# How to Stop Poodle Fading?



## twyla (Apr 28, 2010)

Unless you dye your dog no, all poodles fade well except white


----------



## Dechi (Aug 22, 2015)

Fading has to do with genetics so unless there is a medical cause to it, there is nothing you can do. Changing food or anything else won’t stop it.


----------



## Molodets (Dec 25, 2020)

Hello everyone.
My mini poodle is about 10 month old.
He went from light red color to now more darker red color.
Is there a chance he will fade to lighter color
He is darker now then he is on a photo.


----------



## PeggyTheParti (Sep 5, 2019)

As @twyla mentioned above, most poodles fade. So yes, it’s possible. Here’s some info:
_
“Reds can go through many color changes as the dog grows. They occasionally are born a very bright red and then lighten over time. Some will stay lighter, however in some cases the Poodle will then darken up again as he or she ages. When a red does lighten, the color will usually become a sort of cinnamon color. In most cases, they are exceptionally dark and then lighten between 1 year old and 18 months old.”_






Red Poodles | History, Color Changes and Breeding


Learn all about the red Poodle. Discover how this stunning color was created, the genes that make red and much more information.




www.allpoodleinfo.com





You may also enjoy this thread, which is full of beautiful red poodles in all life stages:









The Red Poodle Thread


Bring on your fire engine red poodles! All sizes, shapes and pedigrees. (How could I forget the reds?!!?!?!?)




www.poodleforum.com





I find poodle colours fascinating. What colour is your boy’s hair at the roots? Does his colour seem to change after haircuts? And what’s his name?


----------



## Molodets (Dec 25, 2020)

I need to check. Im not sure, but maybe his color changes after haircuts.
His name is Max


----------



## Molodets (Dec 25, 2020)

Molodets said:


> I need to check. Im not sure, but maybe his color changes after haircuts.
> His name is Max


Roots are same color


----------



## Dechi (Aug 22, 2015)

Your boy is a very nice dark red. I think there are good chances that he stays about the same color, but it’s impossible to tell. His parents’ color and fading history would give you a good indication of what’s to come.


----------



## PeggyTheParti (Sep 5, 2019)

Max is adorable. His colour reminds me very much of Normie who belongs to @Dianaleez.


----------



## VanessaC (Feb 24, 2020)

This is the kind of misinformation spread on platforms like Instagram 🙄.

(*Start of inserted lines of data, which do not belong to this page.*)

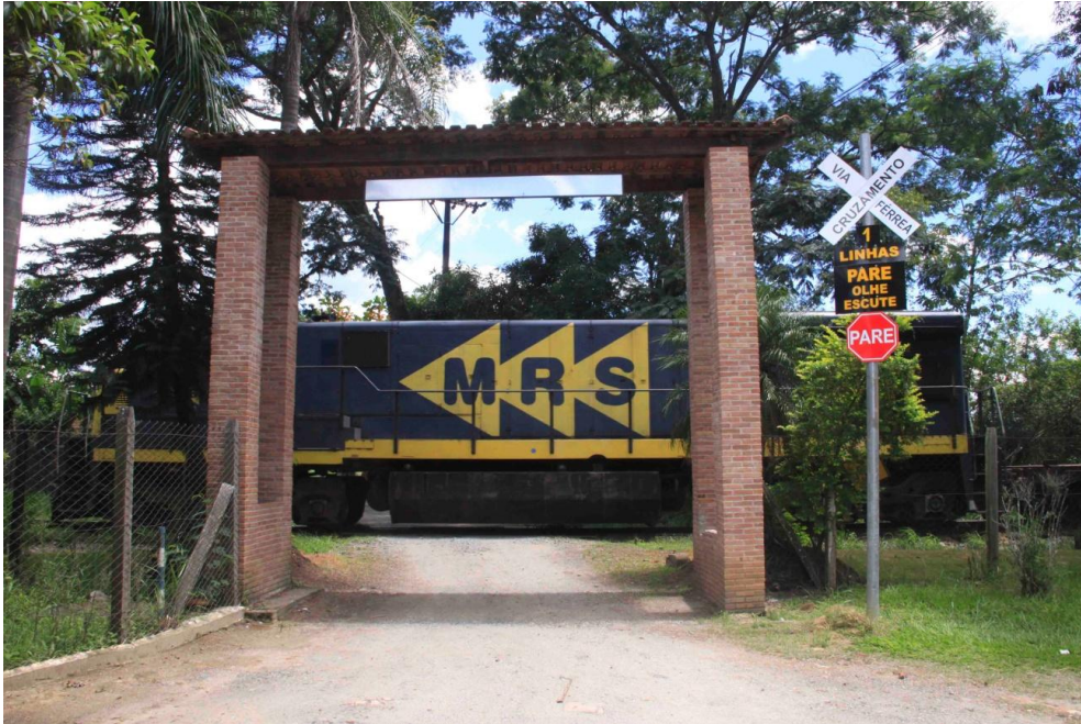
Colocação de novas placas de sinalização da rede férrea
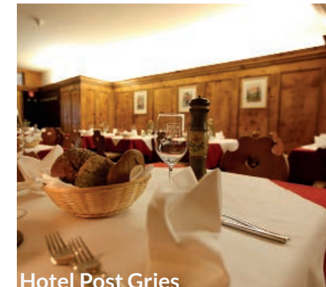
Hotel Post Gries
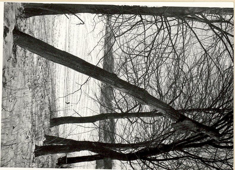
fol.3. Krzyż drewniany w północnej części cmentarza.

Ad.18 Na terenie cmentarza znajduje się krzyż żeliwny umieszczony na drewnianym słupie/prawdopodobnie przeniesiony na cmentarz z innego miejsca na wsi/. Do krzyża przytwierdzona jest tabliczka żeliwna z napisem w jęz.rosyjskim.
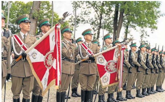
W Kalwarii Paclawskiej w trakcie uroczystości oddano salwę honorową ku pamięci pomordowanych duchownych.

Inicjatywa powstania alei została podjęta wspólnie przez Zakon Franciszkanów w Kalwarii Paclawskiej oraz Stowarzyszenie Pamięć Kapelanów Katyńskich.
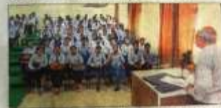
समर इंटरशिप में भाग लेने वाले छात्रों को उपयोगिता के प्रतिबोध कराया गया।
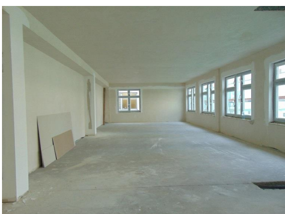
zdz. pomieszczenia na potrzeby neonatologii (I piętro) w trakcie realizacji

There have been recent improvements in genetic tests specifically for Intensity of red coats. I don’t know all of the specifics, but I would encourage people to ask their breeders to look into it.

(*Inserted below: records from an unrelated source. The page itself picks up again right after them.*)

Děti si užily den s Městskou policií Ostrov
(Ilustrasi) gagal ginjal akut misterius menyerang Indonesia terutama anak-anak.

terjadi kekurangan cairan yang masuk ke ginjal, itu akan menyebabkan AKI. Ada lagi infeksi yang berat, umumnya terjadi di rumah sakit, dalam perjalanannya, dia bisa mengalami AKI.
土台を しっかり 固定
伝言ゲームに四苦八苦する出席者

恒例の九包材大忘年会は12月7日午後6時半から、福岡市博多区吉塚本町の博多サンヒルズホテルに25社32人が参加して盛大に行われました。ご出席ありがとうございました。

Red Pigment Intensity Test Added to Embark for Breeders Kit - Embarkvet/


----------



## Starvt (Nov 5, 2019)

VanessaC said:


> View attachment 472606
> This is the kind of misinformation spread on platforms like Instagram 🙄.
> 
> There have been recent improvements in genetic tests specifically for Intensity of red coats. I don’t know all of the specifics, but I would encourage people to ask their breeders to look into it.
> ...


Lol that's the most ridiculous statement!!

And yes, I recently noticed that the Red Intensity result was added to my Raffi's results. Hard to say if it's accurate since he's black lol. He does carry for red though I think.


----------



## Mfmst (Jun 18, 2014)

If Max is darker than the picture you posted, that gives me hope he’s going to have a long run as true red.


----------



## Raindrops (Mar 24, 2019)

VanessaC said:


> View attachment 472606
> This is the kind of misinformation spread on platforms like Instagram 🙄.
> 
> There have been recent improvements in genetic tests specifically for Intensity of red coats. I don’t know all of the specifics, but I would encourage people to ask their breeders to look into it.
> ...


Woooow this is insane. Also that poodle has talons for nails. 🙄


----------



## Dechi (Aug 22, 2015)

Raindrops said:


> Also that poodle has talons for nails.


I had the same thought ! Instead of writing and posting that absurd picture, she should have clipped her dog’s nail...


----------



## Dianaleez (Dec 14, 2019)

It's my guess that how we see the color of lighter colored dogs (reds and creams) is also dependent on the light in the room when we're viewing them. But most of all other than genetics, the amount of sun on their hair is a factor. All of us redheads and blondes know what the sun does to our hair.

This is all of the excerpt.